Bi-Directional Oppression

History suggests oppression is only a top-down phenomenon. Maybe not.

Below are two stories of liberty lost. The first is the traditional top-down, the second a rare (?) bottom-up approach we only see here in America.

MarketWatch: Cisco accused of helping China track dissents.

Cisco Systems Inc. became the subject of a lawsuit which accuses the tech firm of providing the Chinese government with the means of spying on dissents and aiding human rights violations against its citizens.

A lawsuit filed by a group from the Falun Gong spiritual movement alleged that Cisco CSCO +0.06% provided networking applications and technical assistance which enabled the Chinese government to monitor its citizens online...

San Jose Mercury News: Cisco accused of helping China track Falun Gong followers

"We have actual testimony from insiders, and we've amassed three years of data that goes beyond what was presented to Congress," said Lee Crawford-Boyd, a Los Angeles lawyer who brought the class-action suit with attorneys from the Washington, D.C.-based Human Rights Law Foundation.

Here is a photo we snapped outside the Democrat's convention in 2008. Her pose is forbidden in China.

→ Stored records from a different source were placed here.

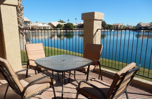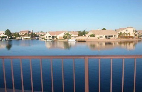 Experience awesome waterfront views from almost every room in this lakefront, two story townhouse villa. This home is located in a private and quiet gated community . Both the spacious master suite (queen bed) and the great room area have patio doors to a large, covered waterfront patio. A community pool, hot tub and fishing also await you. The second story contains another bedroom (double bed) and additional full bath. The den is a perfect TV or reading room with double doors to the balcony where you can view the sunrise, rising full moon, Christmas boat parade and 4th of July fireworks. Relax and enjoy the double recliner with console and cup holder. A large, fully equipped kitchen, washer, dryer, garage, desk with Wi-Fi, lake view dining area, large master suite, walk-in closet are some of the other amenities you will appreciate. Close to Peoria Sports Complex, Cardinals Phoenix stadium, Coyotes arena and Rio Vista Park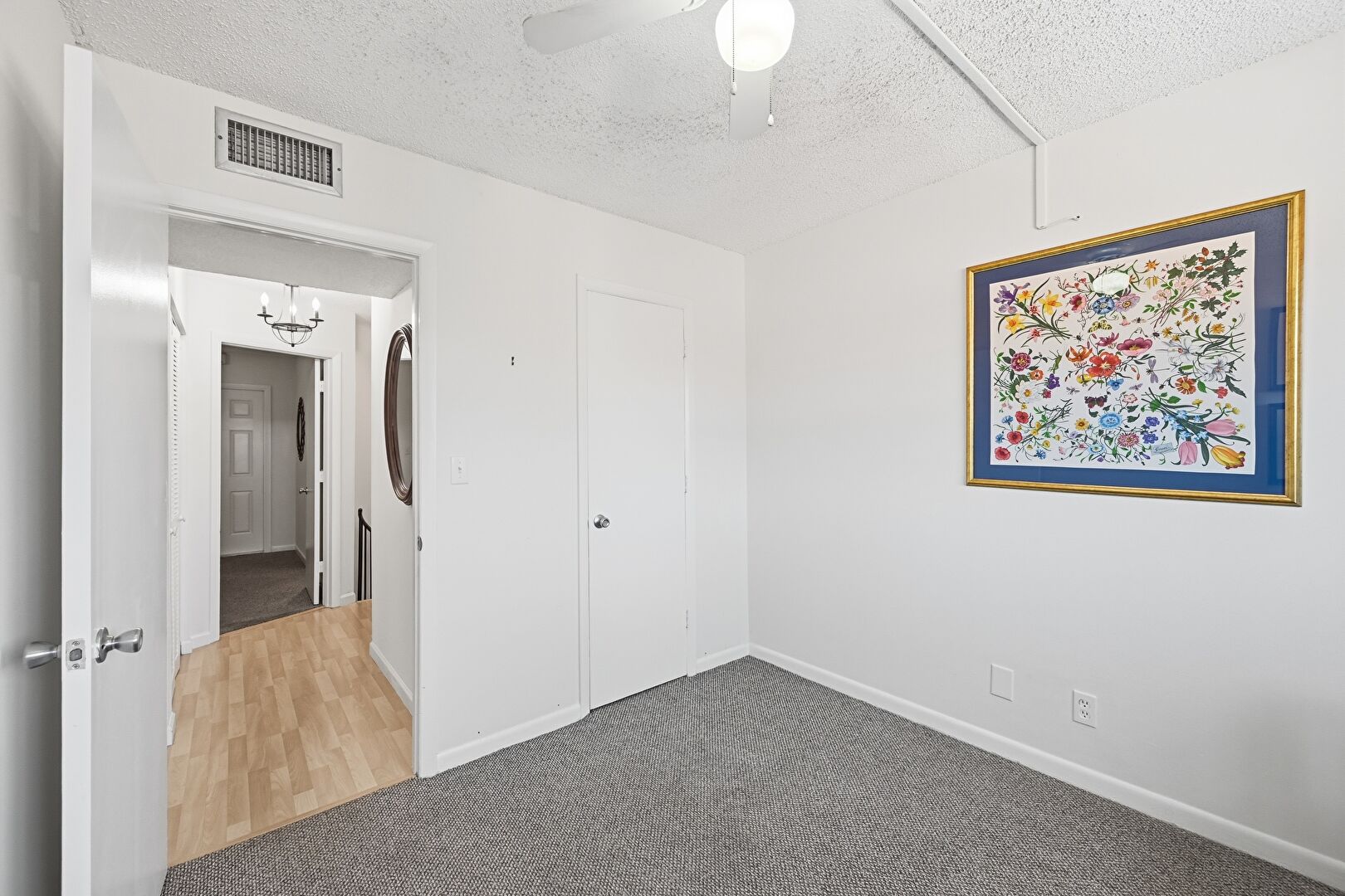 Baseboards Wall, Carpet, Ceiling Fan, Drywall, Ensuite Bathroom, Natural Light, Notable Chandelier, Textured Ceiling, Vent, Carpet, Drywall, Textured Ceiling, Vent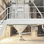 上図のAMK 10,000連続ミキサーはロードセル上に設置されており、その上方に設置されたコンベヤーは高精度の重量測定式計量システムです。連続運転時には、ミキサーは最大120 t/hの処理能力を発揮します。しかし、質量流量は20 t/hまで減らすことも可能です。

Not to be outdone... our comrades here in the states are feeling a bit bloated with too much liberty - both theirs and yours. Seattle coffee houses and their customers agree with the mayor's initiative to ban paper cups. Seattle Times: Drive to drop paper coffee cup brews in Seattle:

Seattle City Council President Richard Conlin endorsed the initiative, which urges participants to whip out their own reusable cups for mochas on the go, and opt for ceramic over paper when ordering "for here."

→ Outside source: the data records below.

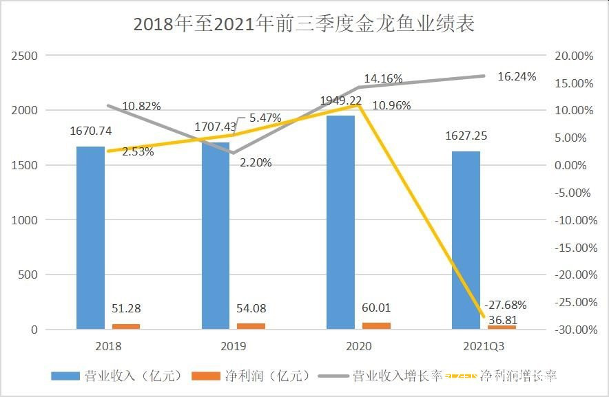 (金龍魚股價走勢圖 來源:老虎證券)就業績而言,2021 年前三季度,糧油加工板塊企業整體上均出現了一定的下滑。金龍魚、深糧控股、金健米業、西王食品的淨利潤出現下滑,道道全的營收出現下滑,只有京糧控股實現了營收淨利雙增。仍以金龍魚為例,在三季報中,金龍魚對其前三季度淨利潤下滑的原因進行了分析。首先是原材料價格上漲致使利潤受到擠壓;其次是市場競爭加劇影響;最後是2020 年同期大豆壓榨利潤水平較高,2021 年前三季度壓榨利潤相對較低。
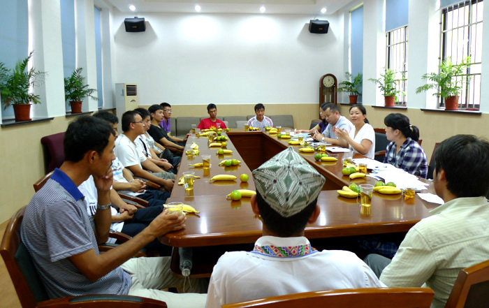 刚入校的2010年级14个来自新疆各个地区的本科生一起参加茶话会共庆节日,院党委副书记董变林主持了茶话会。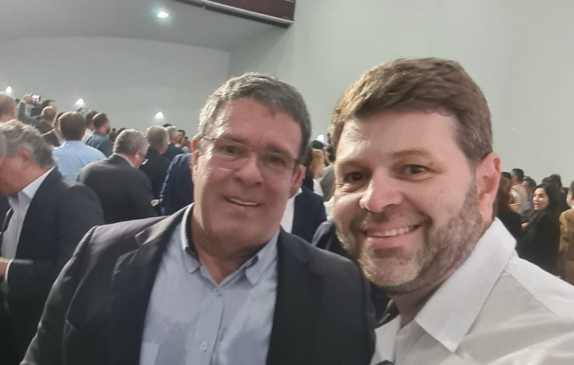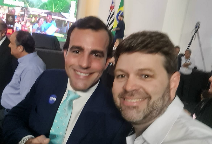 O deputado estadual Lucas Bove (PL) ao lado de João Henrique de Souza Freitas. O parlamentar tem feito reiteradas críticas à gestão do presidente sub judice da Faesp/Senar-SP, Tirso Meirelles

"Let's show that we can do this, and our success will be duplicated in other cities," Conlin said in a statement.

Co-sponsors of the initiative include Sustainable Seattle, Zero Waste Seattle, Caffe Ladro and several other local coffee shops.

UT: Weasel Zippers. Photo from Google Search "Seattle Coffee House".

Of the people pictured above, who is likely the most principled?
Who above will fight for not just their rights but for yours too?
Who would you trust in the ballot box?
And a stretch here, but who probably agrees more with the values of America's founding fathers?

Unlike public school, there is a wrong answer.